SRS Merinos are plain bodied and very fertile sheep. There is a strong bond between the ewe and its lamb, so necessary for survival and growth of the lamb.

When you have bred robust and plain bodied ewes, you have secured the key profit drivers for a Merino breeding enterprise, namely:

  • high numbers of lambs weaned at excellent growth rates
  • very few lambs lost
  • quick recovery of the body condition of the ewes following lambing and lactation
  • low to nil feeding costs
  • excellent processing wool

SRS Merino rear a lot of lambs , on average, 120 to 130 % of lambs, compared with 75 % to 85 % in thick skinned Merino flocks.


We focus on breeding Merino ewes that rear twins and triplets every year. These ewes are plain bodied, open faced, long eared and have high rumps and correspondingly, excellent breeding values for body muscle and fat reserves.

These ewes are of great interest to us. They are the key profit drivers for Merino breeding enterprises. In the SRS Merino studs, we prize these ewes as dams to breed replacement sires and to provide sale rams that will lift profit for commercial Merino flocks.

The visible traits in these ewes that explain this important outcome are:

  • plain bodies, not just one sheep but all of them.
  • great milking capacity to nurture the lambs.
  • an alert but calm temperament.


Take a long and hard look at the graph (Figure 1) below.

It shows the survival rate of Merino lambs from pregnancy scanning at day 80 of pregnancy through to weaning of the lambs at 5 months of age.

Firstly, note the unacceptable result for the Australian Merino industry. Only 59 % of the foetal lambs alive at day 80 of the 150 day gestation of the ewe are reared.

Now look at the fantastic weaning results for the Karbullah SRS Poll Merinos of Mark , Vicki and Luke Murphy in the tough environment of south western Queensland. Most lambs survive. The surviving progeny of the different Merino sires is as high as 95.5 % for the ram 12517 with most sires doing better than 88 %.

Also note that Merino rams bred by other SRS Poll Merino studs, namely the Parkdale ram 1395 from the Mudford family at Dubbo, New South Wales, the Well Gully ram 4343 from Errol and Candy Brumpton at Mitchell in central western Queensland, another very tough environment, and the Boxleigh Park ram 1324 of Hugh and Mardi Taylor at Wellington, New South Wales, and used at Karbullah in the 2015 joining, have all done exceedingly well with 91 % or more of the ram’s progeny being reared.

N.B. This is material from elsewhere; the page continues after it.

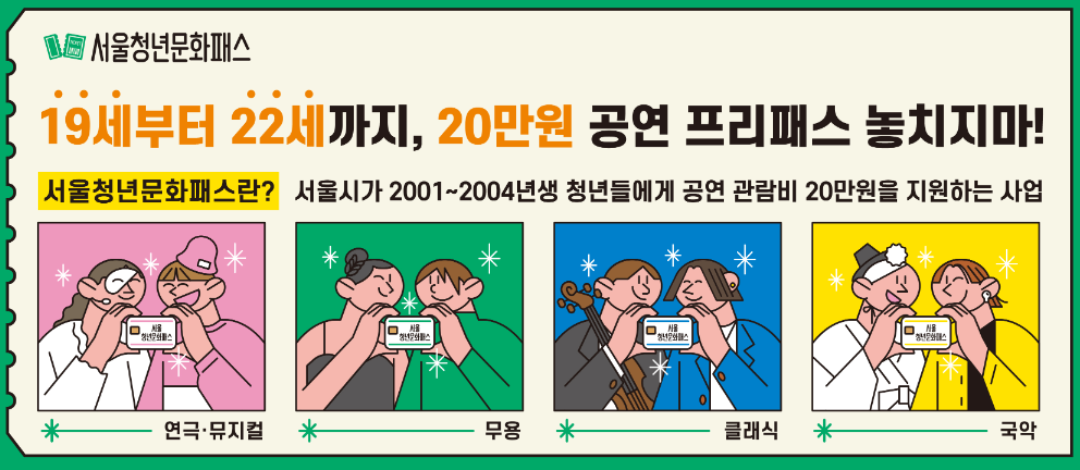 - 모든 공연이 대상이 되는 것이 아니며 서울 청년문화패스 전용 홈페이지를 통한 공연 및 관람만 지원 대상이 됩니다.

In 2008, Mark and Vicki Murphy, Karbullah Poll Merino Stud, discovered that most lambs survive when sired by rams with high breeding values for fat cover and eye muscle depth (see Table 1 below).

Lamb survival was about 20 % lower when sired by rams with low breeding values for fat and muscle.



Thick skinned (wrinkly) Merino sheep have fewer lambs and lose more lambs.

Thick skinned Merino sheep predominate throughout the Australian flock. In addition to being mulesed, thick skinned sheep have fewer lambs, and lose more lambs, than plain bodied Merino sheep.

These facts have been reported repeatedly over the years by Australian researchers; see:

  • Young, S.S.Y., Turner, Helen Newton, and Dolling, C.H.S. (1963). Selection for fertility in Australian Merino sheep. Australian Journal of Agricultural Research 14:460.
  • Dun, R.B. (1964). Skin folds and Merino breeding. 1. The net reproductive rates of flocks selected for and against skin fold. Australian Journal of Experimental Agriculture and Animal Husbandry 4: 376.
  • Fels, H.W. (1964). The association between neck wrinkle and fertility in Merino ewes in south-western Australia. Australian Journal of Experimental Agriculture and Animal Husbandry 4: 121.
  • Dun, R.B. and Hamilton B.A., (1965). Skin fold and Merino breeding. 2. The relative influence of the ram and the ewe on fertility and perinatal lamb mortality in flocks selected for and against skin fold. Australian Journal of Experimental Agriculture and Animal Husbandry, 5 (18): 236-242.
  • McGuirk, B.J. (1969) Australian Journal of Experimental Agriculture and Animal Husbandry, 9 (37), 147-150 reported on the Merino sheep selected for skin wrinkle, averaged over twelve joinings (1951 to 1963), 10 % less lambs than Merino sheep selected for plain bodies.

In 14 Merino flocks throughout New South Wales, plain bodied Merino sheep were shown to have at least 15 % more lambs than wrinkly Merino sheep (Drinan, J.P. and Dun, R.B. (1965), Australian Journal of Experimental Agriculture and Animal Husbandry, 5 (19), 345-352).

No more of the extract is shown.